* [Information]:
----
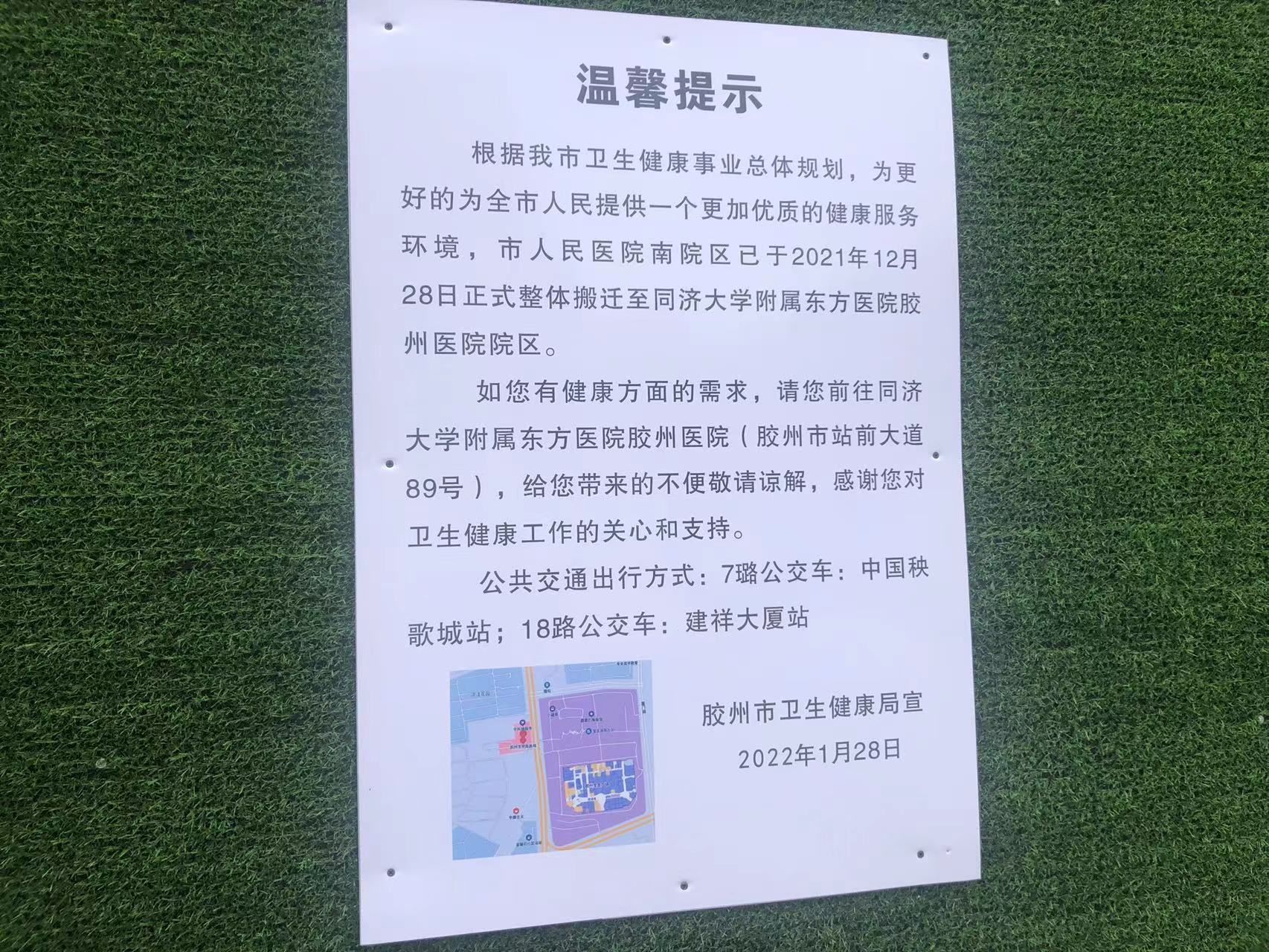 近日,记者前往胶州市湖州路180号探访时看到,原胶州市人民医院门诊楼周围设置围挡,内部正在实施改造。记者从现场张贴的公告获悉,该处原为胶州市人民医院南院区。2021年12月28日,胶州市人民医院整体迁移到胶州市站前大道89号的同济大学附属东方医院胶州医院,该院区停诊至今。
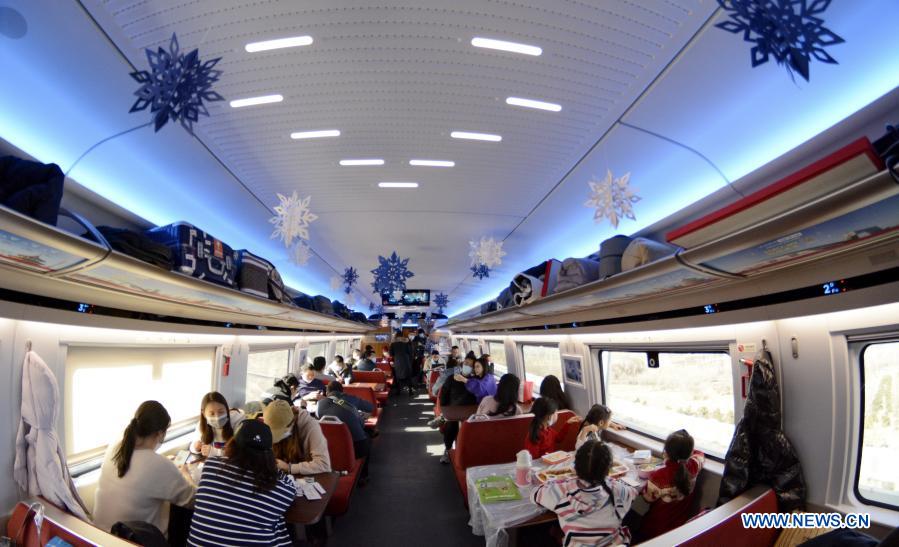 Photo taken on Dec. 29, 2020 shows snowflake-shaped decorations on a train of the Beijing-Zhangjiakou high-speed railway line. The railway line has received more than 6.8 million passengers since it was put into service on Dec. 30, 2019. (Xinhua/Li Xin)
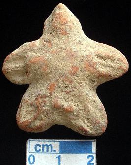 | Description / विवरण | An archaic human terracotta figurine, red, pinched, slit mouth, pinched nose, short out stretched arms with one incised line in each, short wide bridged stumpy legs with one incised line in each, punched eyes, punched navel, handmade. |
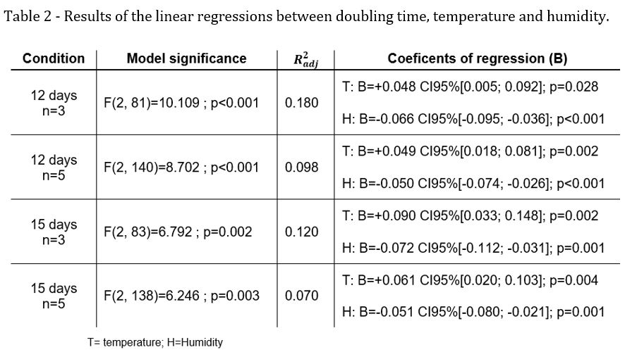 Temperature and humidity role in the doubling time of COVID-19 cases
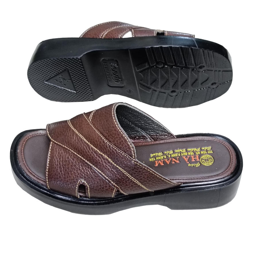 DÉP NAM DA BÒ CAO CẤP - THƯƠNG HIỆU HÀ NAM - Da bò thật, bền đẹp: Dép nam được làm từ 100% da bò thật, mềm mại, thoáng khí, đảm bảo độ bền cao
----
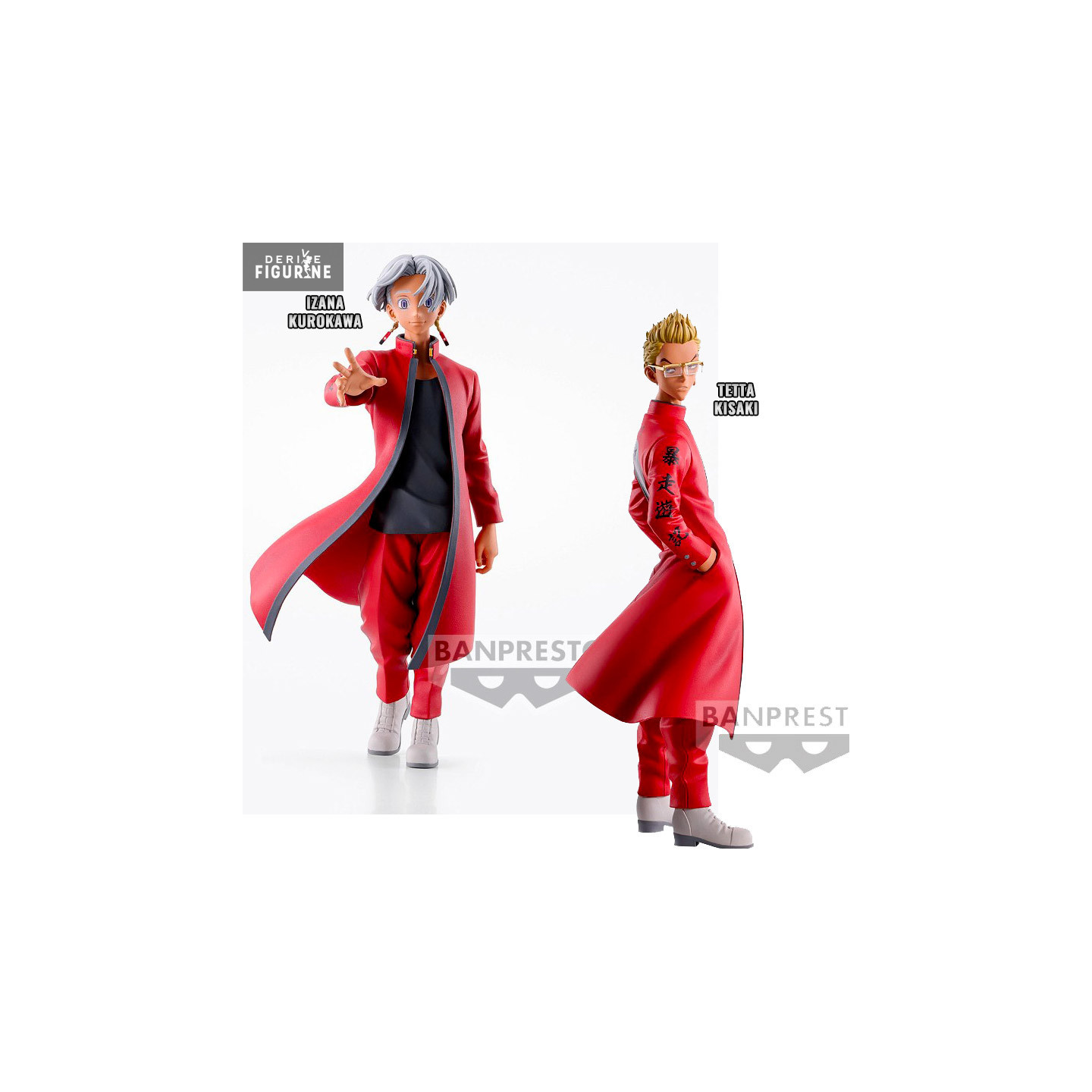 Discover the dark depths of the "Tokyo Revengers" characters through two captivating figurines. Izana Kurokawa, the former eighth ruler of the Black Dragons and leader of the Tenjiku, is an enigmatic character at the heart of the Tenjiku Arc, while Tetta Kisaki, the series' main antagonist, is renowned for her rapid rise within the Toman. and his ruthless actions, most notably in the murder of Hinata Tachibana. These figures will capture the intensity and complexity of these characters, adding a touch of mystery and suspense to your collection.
----
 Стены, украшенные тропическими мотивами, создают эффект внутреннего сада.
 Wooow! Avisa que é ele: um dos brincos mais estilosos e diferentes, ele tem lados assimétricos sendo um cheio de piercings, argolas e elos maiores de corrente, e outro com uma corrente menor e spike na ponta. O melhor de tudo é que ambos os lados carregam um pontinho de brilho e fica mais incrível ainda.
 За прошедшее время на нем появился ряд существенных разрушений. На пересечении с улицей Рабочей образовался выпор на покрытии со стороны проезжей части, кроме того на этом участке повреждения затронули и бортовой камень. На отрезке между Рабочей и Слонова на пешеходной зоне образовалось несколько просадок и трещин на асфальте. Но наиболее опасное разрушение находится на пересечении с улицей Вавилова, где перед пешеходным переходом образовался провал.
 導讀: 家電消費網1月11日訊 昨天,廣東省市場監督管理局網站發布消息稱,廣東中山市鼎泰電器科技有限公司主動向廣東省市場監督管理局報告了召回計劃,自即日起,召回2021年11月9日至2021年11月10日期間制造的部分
----
Would you output the lines above from the line holding "近日,记者前往胶州市湖州路1" up to and including the line holding "DÉP NAM DA BÒ", exactly and only those, with no pictures?

 近日,记者前往胶州市湖州路180号探访时看到,原胶州市人民医院门诊楼周围设置围挡,内部正在实施改造。记者从现场张贴的公告获悉,该处原为胶州市人民医院南院区。2021年12月28日,胶州市人民医院整体迁移到胶州市站前大道89号的同济大学附属东方医院胶州医院,该院区停诊至今。
 Photo taken on Dec. 29, 2020 shows snowflake-shaped decorations on a train of the Beijing-Zhangjiakou high-speed railway line. The railway line has received more than 6.8 million passengers since it was put into service on Dec. 30, 2019. (Xinhua/Li Xin)
 | Description / विवरण | An archaic human terracotta figurine, red, pinched, slit mouth, pinched nose, short out stretched arms with one incised line in each, short wide bridged stumpy legs with one incised line in each, punched eyes, punched navel, handmade. |
 Temperature and humidity role in the doubling time of COVID-19 cases
 DÉP NAM DA BÒ CAO CẤP - THƯƠNG HIỆU HÀ NAM - Da bò thật, bền đẹp: Dép nam được làm từ 100% da bò thật, mềm mại, thoáng khí, đảm bảo độ bền cao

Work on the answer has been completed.